Вместе с тем Иося старался забыть свое прошлое. Не столько из-за страшных снов, преследующих его, сколько из стыда перед новыми друзьями. Иося говорил им, что "по нации" он – бессараб, а Манечка ему совсем чужая. Просто она бездетная. Пришла в детдом и выбрала его. Что это она дала ему фамилию Гольдин, а на самом деле он – Федорчук.
Манечке и об этом доложили. "Ну что? Получила, что хотела? Завела себе сыночка?" – спрашивала Фридочка. "А что тут странного? – воинственно отвечала Манечка, и каждое ее слово было слышно Иосе через перегородку. – Если бы я взяла его в младенчестве и он не помнил бы своих родителей, я могла бы огорчиться. Я и не ждала, что он признает меня матерью! Мне совершенно не нужно, чтобы он называл меня мамой!" "Это ты кому-нибудь рассказывай, кто тебя не знает!" – усмехалась Фридочка.


Фридочкина правота подтвердилась много лет спустя, когда Манечка к прочим своим историям прибавила еще одну. О том, как Рая, средняя дочь Наума Гольдина, накануне своего отъезда в Израиль встретила в городе Иосю. И как на ее вопрос, почему он тоже не уезжает, Иося ответил, что, во-первых, он платит двум женам алименты, а во-вторых, не может оставить Манечку. "Ведь она была мне мамой – как же я могу ее оставить!"
– "Она была мне мамой!" Он не заглядывал к нам уже четыре года! – иронизировала Манечка, но сквозь ее иронию выбрызгивало нечто восторженное, сильно раздражавшее Фридочку.
– Мама... – невнятно бурчала Фридочка, передразнивая воодушевление сестры. – Мама! – Голова ее отворачивалась набок и глубоко присаживалась на плечо. – Мама...
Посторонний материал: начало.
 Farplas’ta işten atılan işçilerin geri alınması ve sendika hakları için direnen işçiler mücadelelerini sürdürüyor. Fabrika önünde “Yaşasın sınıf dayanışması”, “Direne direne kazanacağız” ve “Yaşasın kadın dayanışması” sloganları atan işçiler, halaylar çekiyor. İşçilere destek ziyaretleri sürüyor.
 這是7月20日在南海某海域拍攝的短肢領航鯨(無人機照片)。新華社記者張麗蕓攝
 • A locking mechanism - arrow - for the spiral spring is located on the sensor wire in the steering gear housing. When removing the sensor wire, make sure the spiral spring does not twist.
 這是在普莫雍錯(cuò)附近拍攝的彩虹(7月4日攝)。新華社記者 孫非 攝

– Я сказала ему, чтобы он не смел ко мне приходить пьяный! – продолжала Манечка, будто сестры не было в комнате. – Что ж, видно, водка ему дороже, чем я...
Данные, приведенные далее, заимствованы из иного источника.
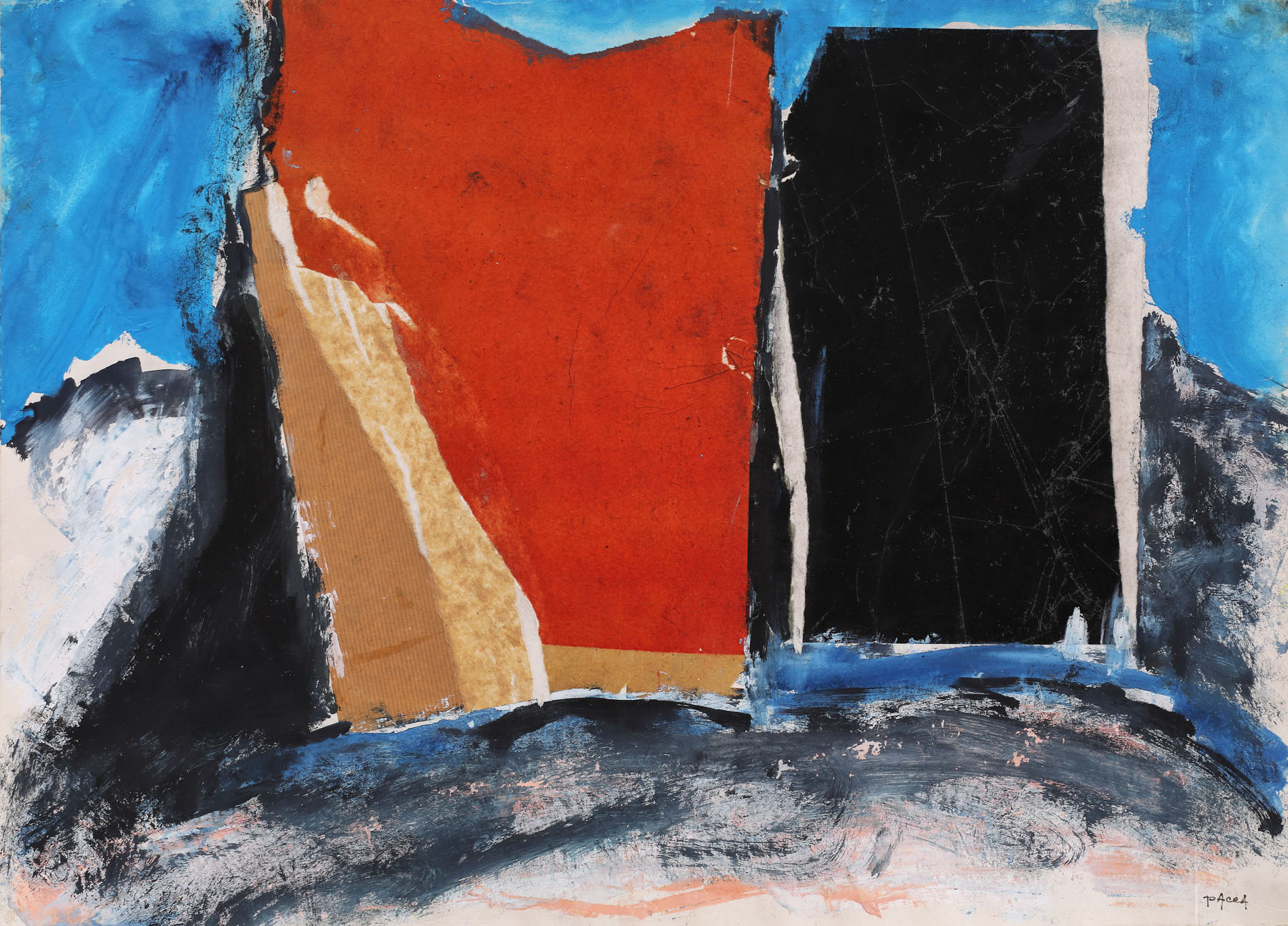 guașă, acuarelă și colaj pe hârtie lipită pe carton
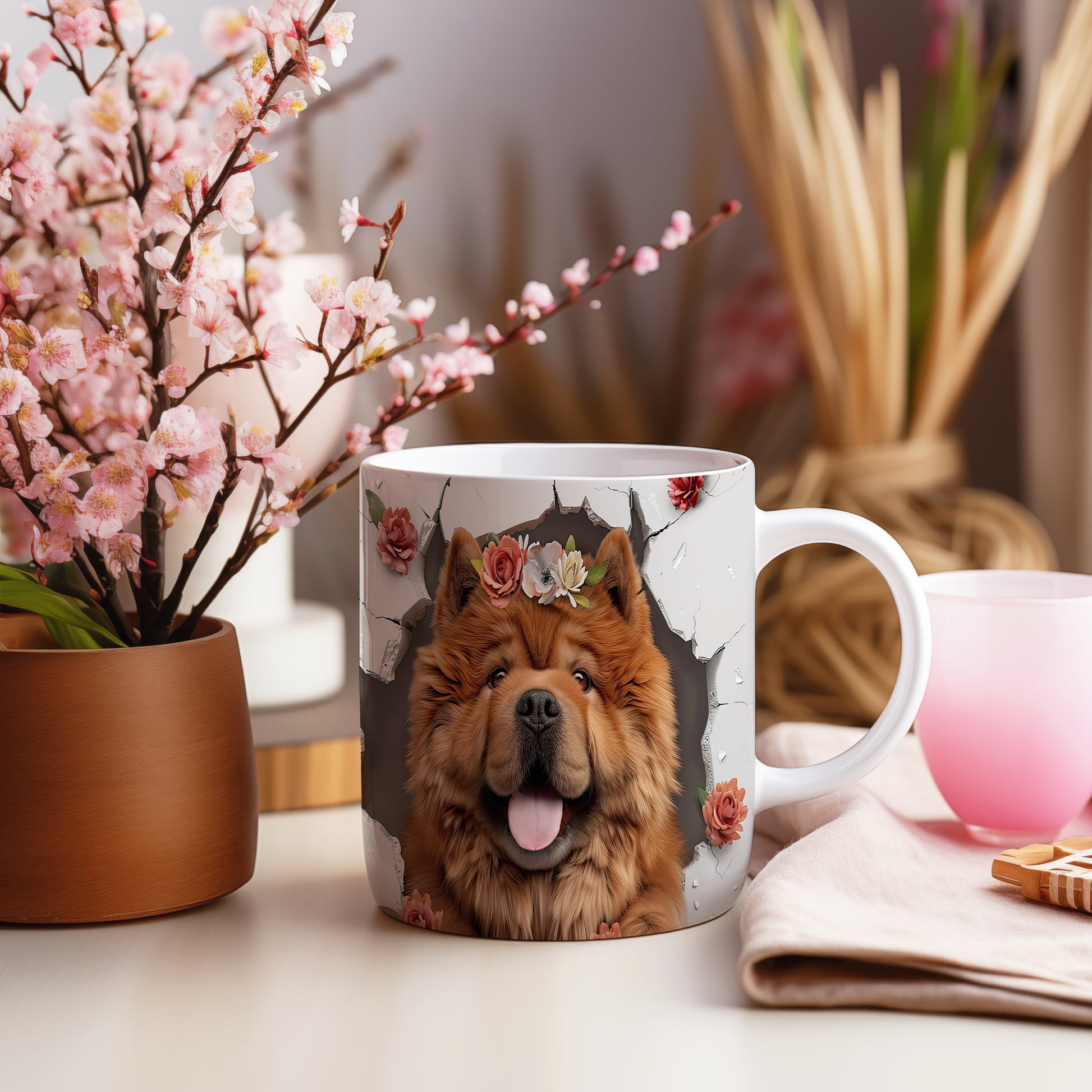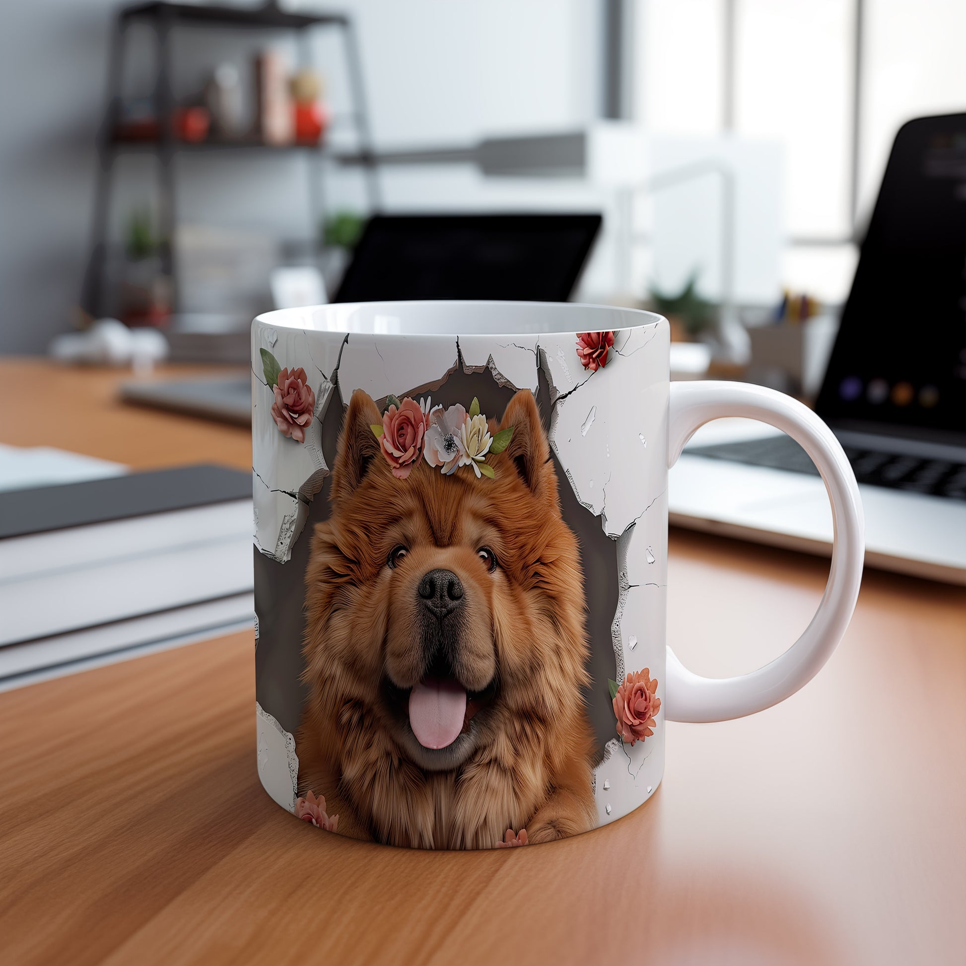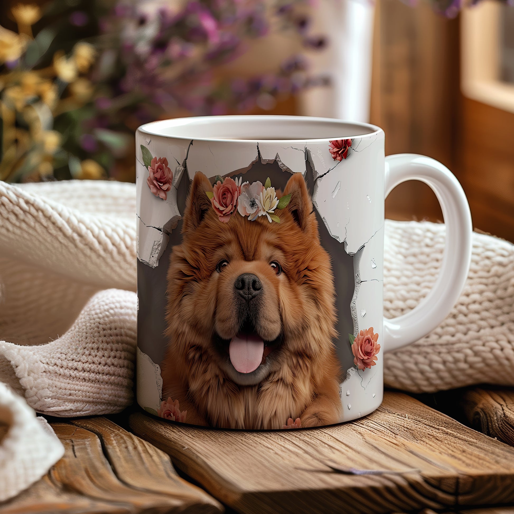 Hrnek se čau-čau psem a květinovým 3D efektem
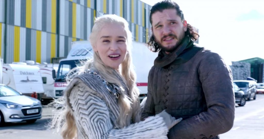 Parece que todo está perdonado entre Dany y Jon después de todo lo que pasó en la final. Aquí podemos ver a los dos acomodándose juntos en lo que podría ser la imagen detrás de escena más adorable de todos los tiempos. Los actores que interpretan a los amantes de Targaryen, Kit Harington y Emilia Clarke, son verdaderos compañeros en la vida real y tuvieron dificultades para filmar sus escenas de amor por eso. Según Clarke, Harington fingiría vomitar en todas partes cuando tenían que filmar una escena romántica y los dos se reían y reían todo el tiempo.

Знаменитую фразу Иоси Манечка могла повторить и три, и пять раз за вечер, хотя склероза у нее не было и в помине. Не задумываясь ни на секунду, она наизусть диктовала рецепты сложнейших пирогов и солений. Ее знакомым и соседям проще было позвонить Манечке, чем полистать поваренную книгу. Но она по-старчески позволяла себе повторяться. В один из моих приездов Юдифь, у которой дела со склерозом обстояли куда хуже, сделала ей замечание. Забыла о том, что критиковать Манечку – исключительное право ее сестры. И получила. Фридочка все ей напомнила! И то, как Шурик из-за нее чуть не выбросился из окна, и как он жил неделями у Манечки и не соглашался вернуться домой, к своей сумасшедшей матери, и как Юдифь поссорила его с одной женой, а потом с другой. И еще много чего.
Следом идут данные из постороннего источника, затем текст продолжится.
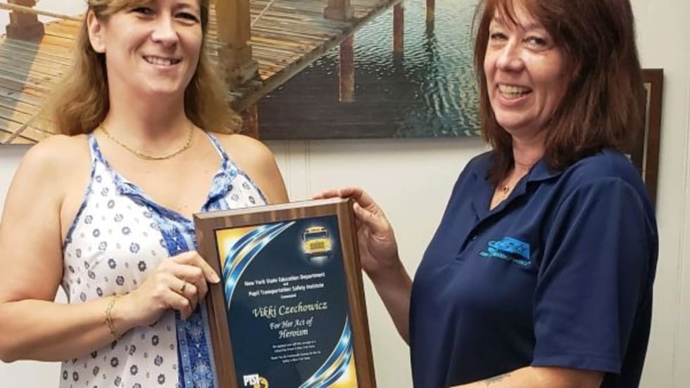 Vikki Boyce Czechowicz of New York notices smoke coming from the under dashboard, evacuates the 19 students aboard her bus right before the engine area catches fire. She is presented with a Heroism Award.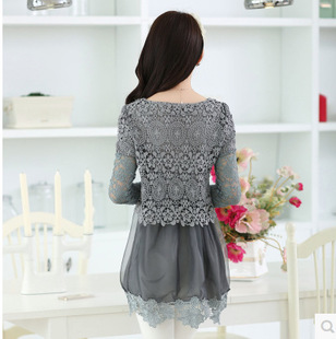 2014春秋大碼女長袖t恤女款中長款蕾絲打底衫韓版上衣服 /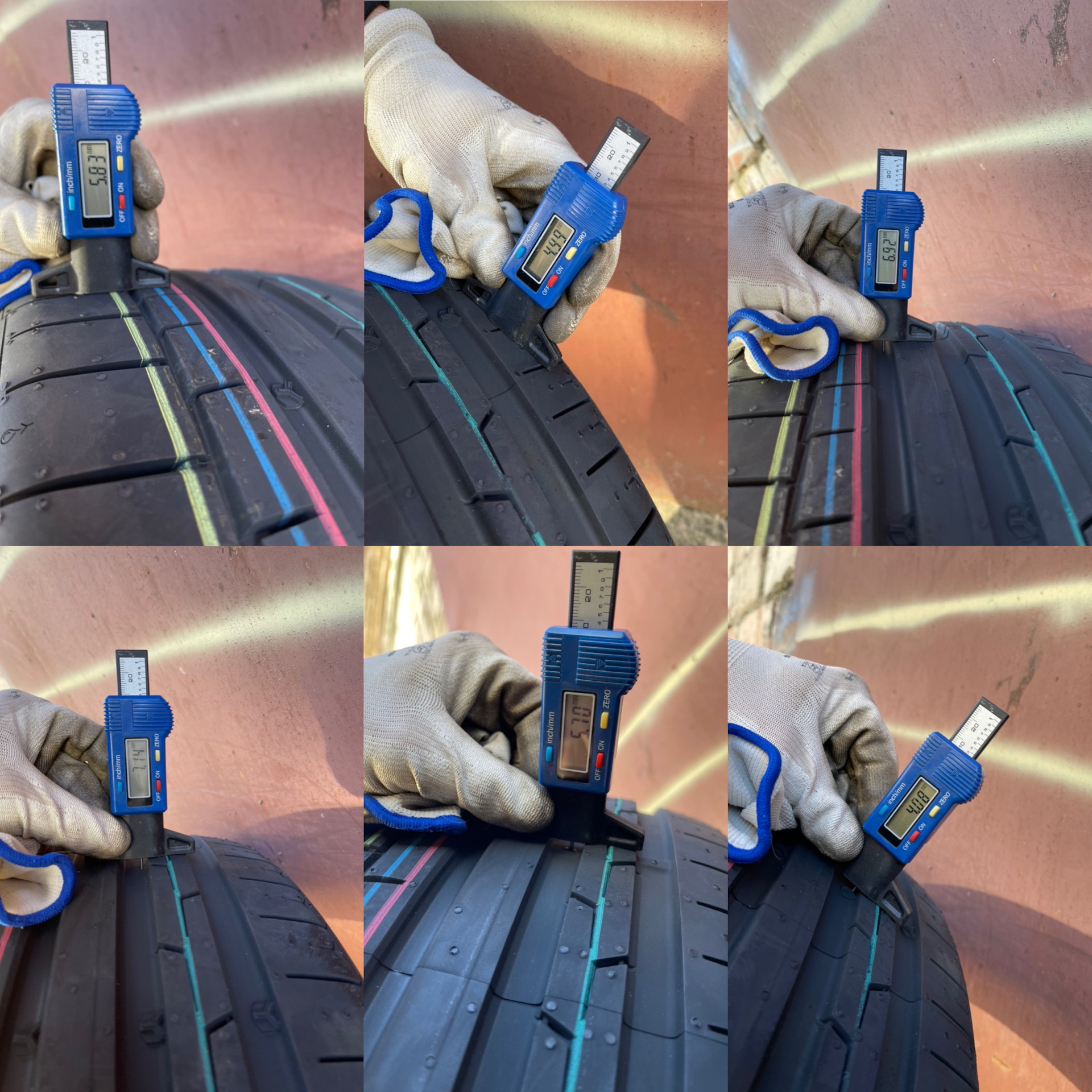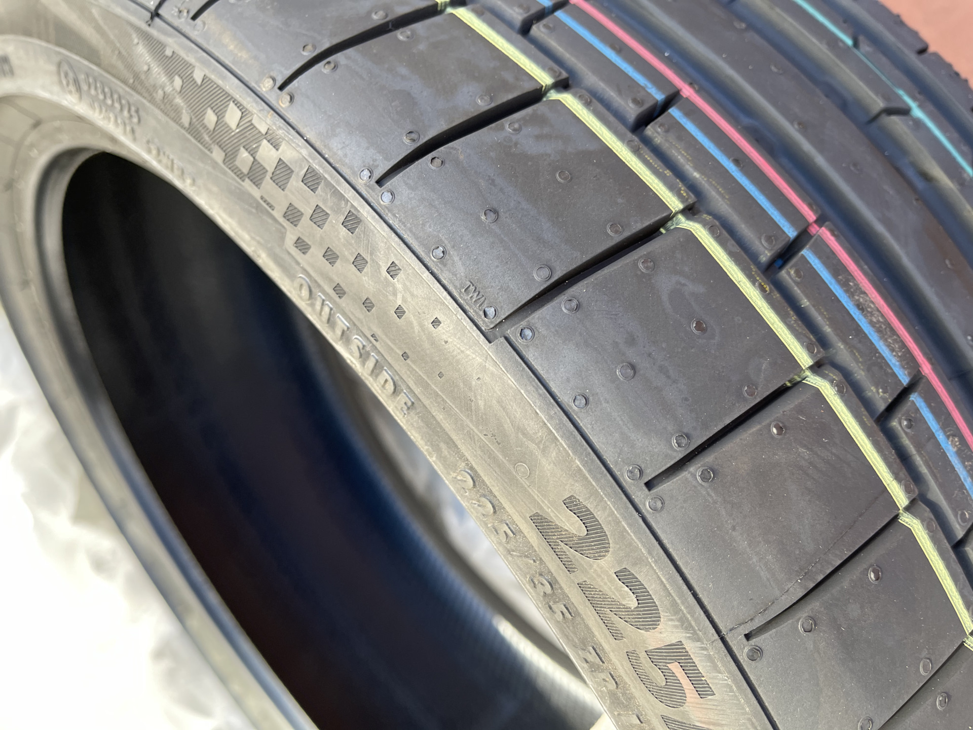 Перейдём к протектору, тут очень интересно, я просто оставлю фото, на наружном блоке протектор минимален, для агрессивного прохождения поворотов.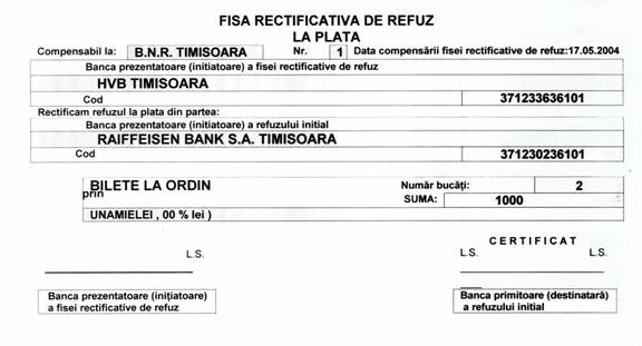 b) Sa numere instrumentele de plata compensabile refuzate ;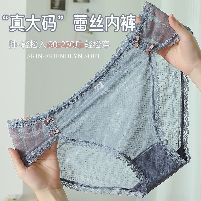 纯欲内裤女大码性感新款蕾丝女士低腰短裤200斤胖mm透明网纱薄款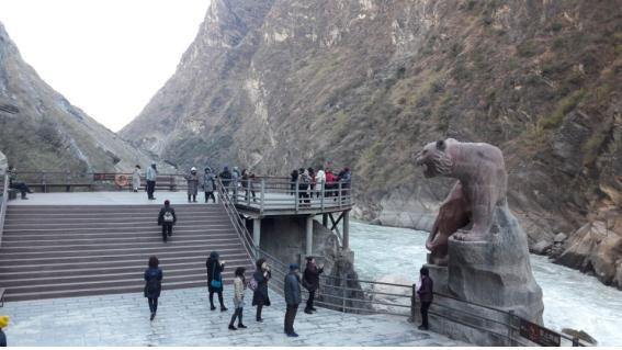 [칼바람을 맞으며 10분 넘게 계단을 내려온 우리를 반갑게 맞아주는 호도협의 호랑이 형상의 조형물. 과연 장강의 최상류답게 협곡은 좁고 물살은 거세었다.]

Юдифь, не отвечая, повязала голову шарфиком и ушла. Я хотела бежать за ней, но Фридочка пообещала, что она вернется. Не успеет и до угла дойти, как забудет о причине ссоры. Огорченная Манечка отправилась отпирать дверь, захлопнутую Юдифью сгоряча. А Фридочка, проводив ее немигающими круглыми глазами, доверительно зашептала:
– "Не приходи, когда ты пьяный!" Как тебе нравится? Он же всегда пьяный! А виновата, между прочим, она. Хорошо еще, что он бандитом не стал при таком воспитании! Он и с шайкой связался, и ложки воровал, и еду таскал у соседей, но моя дорогая сестра ничего не хотела слышать! А я не вмешивалась, меня это все не интересовало!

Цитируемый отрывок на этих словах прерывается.